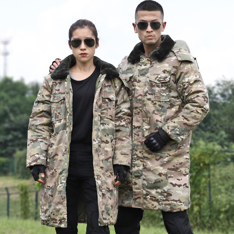 Long version camouflage coat men's winter lengthened over-the-knee cold-proof warm military cotton coat thickened labor insurance work clothes padded jacket
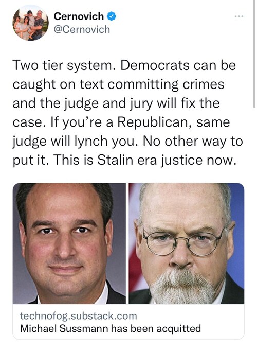 Calling the J6 defendants "political prisoners" is not hyperbole after the Sussmann verdict.
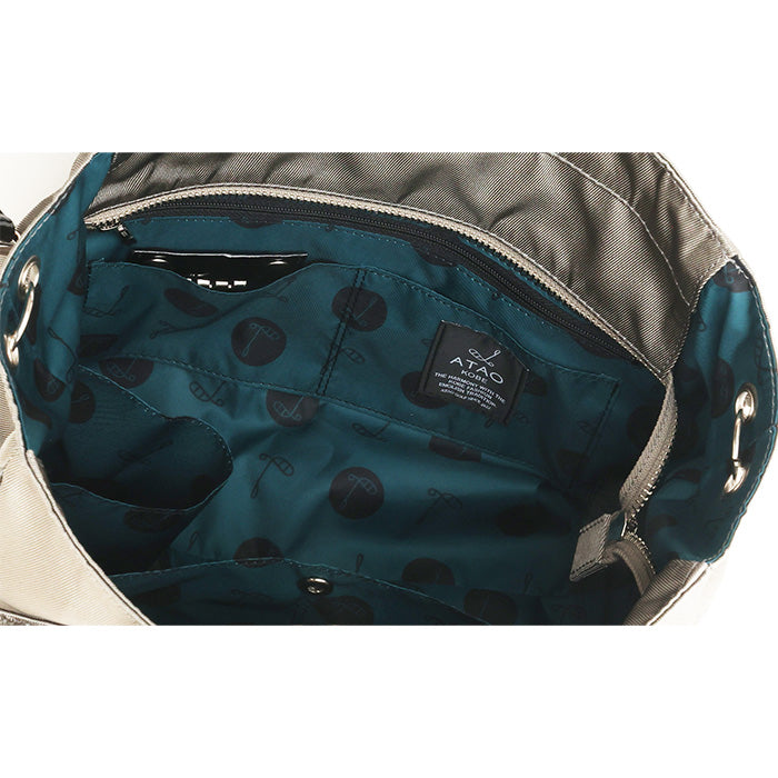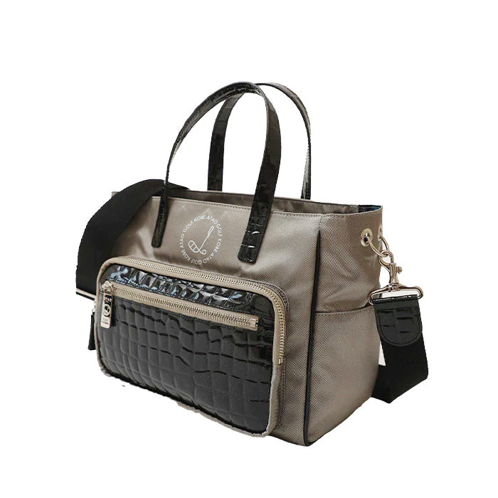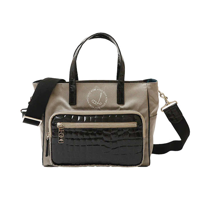 ゴルフブランドとして誕生したATAO GOLF。今季のシーズンでは、新ライン「スマルトシリーズ」。イタリアンレザーとナイロン素材を組み合わせ、晴れの日も雨の日も思うがままに。シンプルなアイテムトーンは、ゴルフプレーはもちろん日常でも愉しめます。どこでどのようにアイテムを取り入れるか、あなた次第。ここが原点であり、あたらしい日常への入り口です。上質で光沢感のあるイタリアのエナメルレザーとナイロンを組み合わせ、職人による手仕事で生産したこだわりのバッグとなります。エナメルはイタリア語で「スマルト」と呼ぶことから、シリーズ名が誕生。急な天候の変化にも対応できる撥水加工の機能性に加え、持ち運びしやすい設計デザインとスマートなシルエットは、移動中などの気分を上げてくれること間違いなしです。ラウンド中の移動やタウンユースでも使いやすいサイズ感のトートバッグ。(ATAOGOLF)(アタオゴルフ)(あたおごるふ)(男女兼用)(ユニセックス)(メンズ)(男性も使える)(デイリーユース)(普段使い)(バッグ)(ハンドバッグ)(ミディアムバッグ)(撥水素材)(撥水性)(エナメル)(雨の日も使える)(撥水バッグ)(スマルトラウンドトート)(smalt round tote)
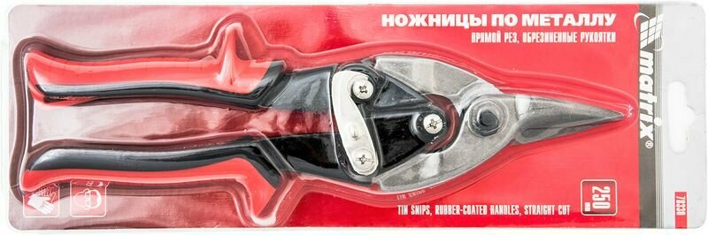 MATRIX Ножницы по металлу, 250 мм, пряморежущие, для тонкого металла, обрезиненные рукоятки Matrix, ( 78330 )
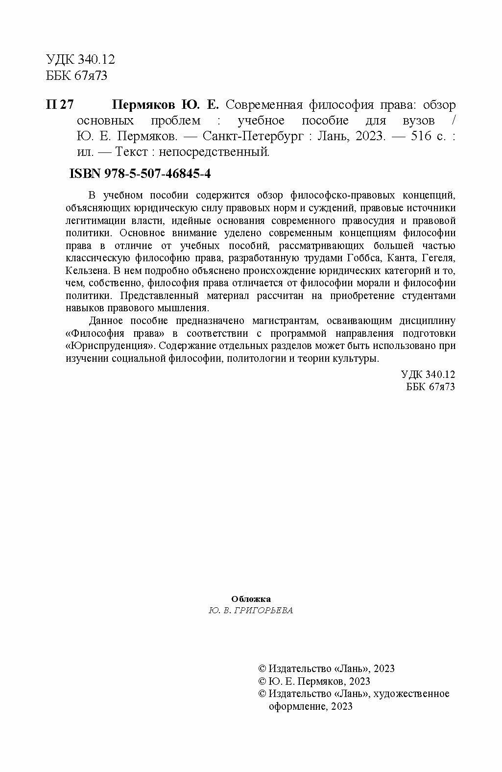 Современная философия права. Обзор основных проблем. Учебное пособие для вузов (Ю. Е. Пермяков); Издательство ЛАНЬ, 2025
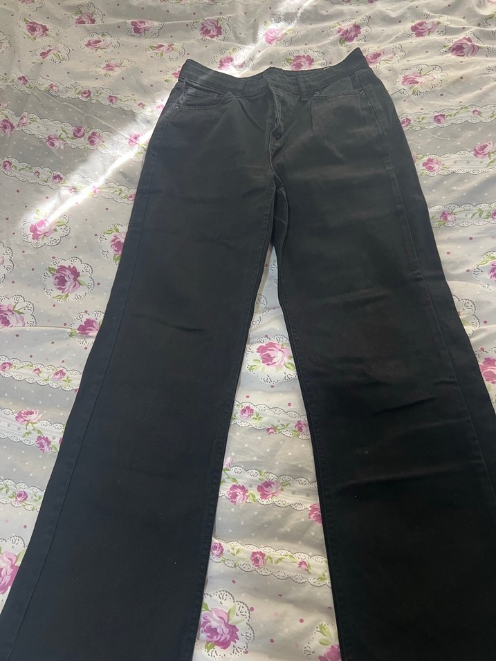 Düğmeli, normal boy, düzenli kesim siyah kot pantolon. Günlük rahat ve sokak stiline uygun.
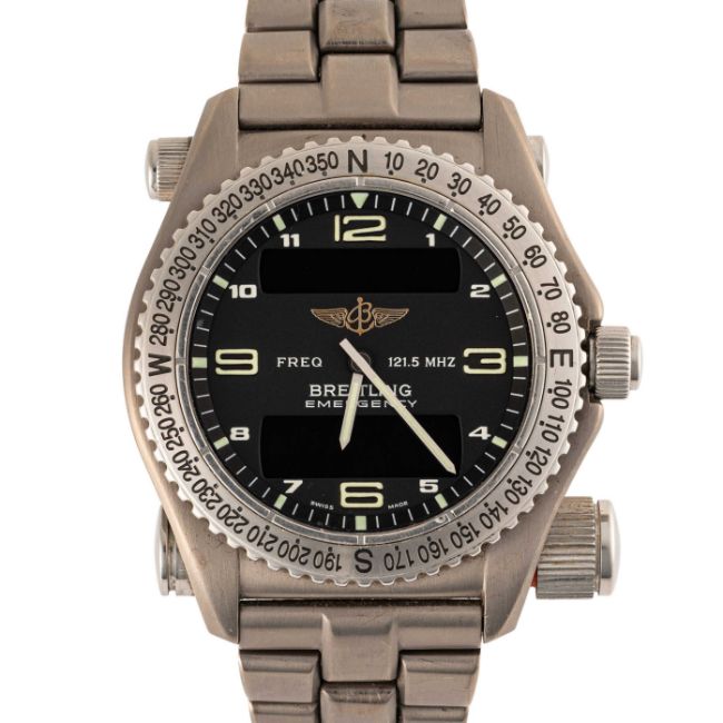 A GENTLEMAN'S SIZE TITANIUM BREITLING EMERGENCY BRACELET WATCHCIRCA 2000, REF. E56121 Movement: Quartz.Case: Diameter approx. 43mm, transmitter device, signed Breitling, numbered, rotating navigational bezel.Bracelet: Original Breitling Emergency titanium bracelet with flip lock clasp & extension.CONDITION REPORTDial: Original dial in excellent condition.Movement: Running & functioning at present, timekeeping and accuracy cannot be guaranteed.Case: In very good condition, with some small scratches due to general use.Strap/Bracelet: In good condition, with light scratches & wear.
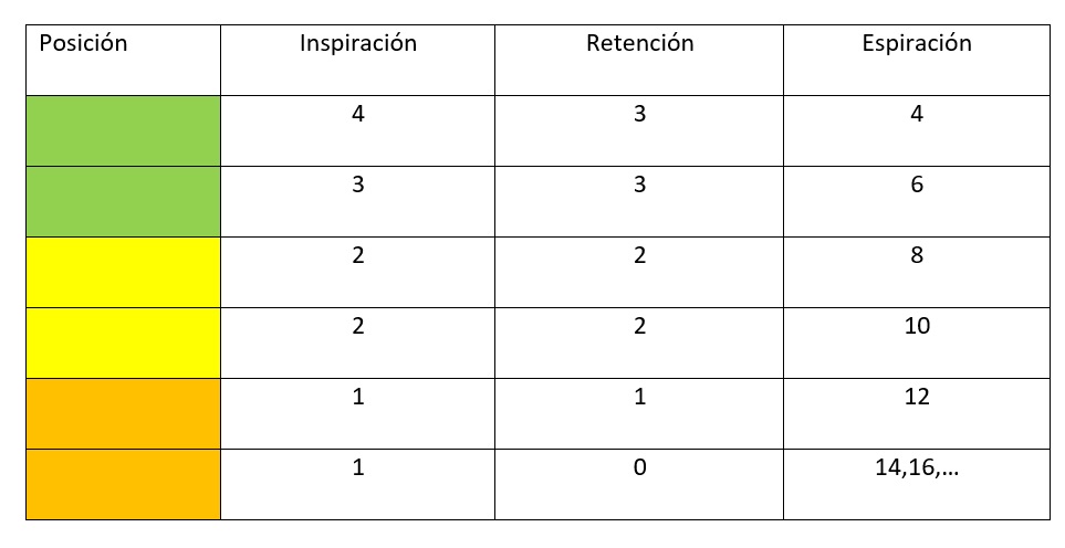 Los ejercicios se pueden practicar libremente en cuanto a los tiempos de inspiración y espiración, aunque aconsejamos aumentar el número de pulsos de la espiración conforme a la siguiente tabla.
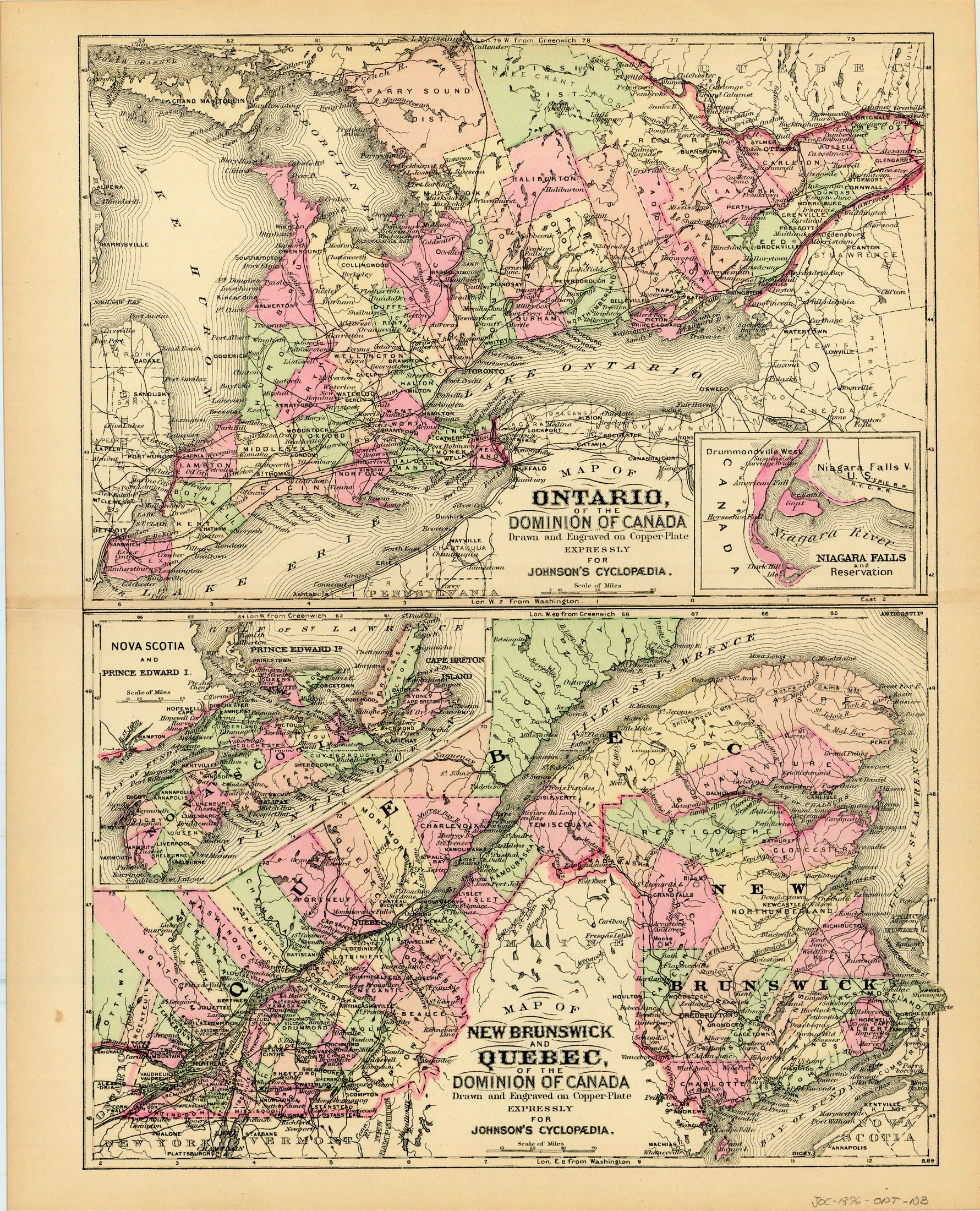 Map of Ontario, New Brunswick and Quebec, 1896
──────────
◆ **Activity**: Could the stretch from the line with "Calling the J6" through the line with "A GENTLEMAN'S SIZE" in the listing above be restated word for word, minus the pictures?

◆ **Result**:
 Calling the J6 defendants "political prisoners" is not hyperbole after the Sussmann verdict.
 ゴルフブランドとして誕生したATAO GOLF。今季のシーズンでは、新ライン「スマルトシリーズ」。イタリアンレザーとナイロン素材を組み合わせ、晴れの日も雨の日も思うがままに。シンプルなアイテムトーンは、ゴルフプレーはもちろん日常でも愉しめます。どこでどのようにアイテムを取り入れるか、あなた次第。ここが原点であり、あたらしい日常への入り口です。上質で光沢感のあるイタリアのエナメルレザーとナイロンを組み合わせ、職人による手仕事で生産したこだわりのバッグとなります。エナメルはイタリア語で「スマルト」と呼ぶことから、シリーズ名が誕生。急な天候の変化にも対応できる撥水加工の機能性に加え、持ち運びしやすい設計デザインとスマートなシルエットは、移動中などの気分を上げてくれること間違いなしです。ラウンド中の移動やタウンユースでも使いやすいサイズ感のトートバッグ。(ATAOGOLF)(アタオゴルフ)(あたおごるふ)(男女兼用)(ユニセックス)(メンズ)(男性も使える)(デイリーユース)(普段使い)(バッグ)(ハンドバッグ)(ミディアムバッグ)(撥水素材)(撥水性)(エナメル)(雨の日も使える)(撥水バッグ)(スマルトラウンドトート)(smalt round tote)
 MATRIX Ножницы по металлу, 250 мм, пряморежущие, для тонкого металла, обрезиненные рукоятки Matrix, ( 78330 )
 Современная философия права. Обзор основных проблем. Учебное пособие для вузов (Ю. Е. Пермяков); Издательство ЛАНЬ, 2025
 Düğmeli, normal boy, düzenli kesim siyah kot pantolon. Günlük rahat ve sokak stiline uygun.
 A GENTLEMAN'S SIZE TITANIUM BREITLING EMERGENCY BRACELET WATCHCIRCA 2000, REF. E56121 Movement: Quartz.Case: Diameter approx. 43mm, transmitter device, signed Breitling, numbered, rotating navigational bezel.Bracelet: Original Breitling Emergency titanium bracelet with flip lock clasp & extension.CONDITION REPORTDial: Original dial in excellent condition.Movement: Running & functioning at present, timekeeping and accuracy cannot be guaranteed.Case: In very good condition, with some small scratches due to general use.Strap/Bracelet: In good condition, with light scratches & wear.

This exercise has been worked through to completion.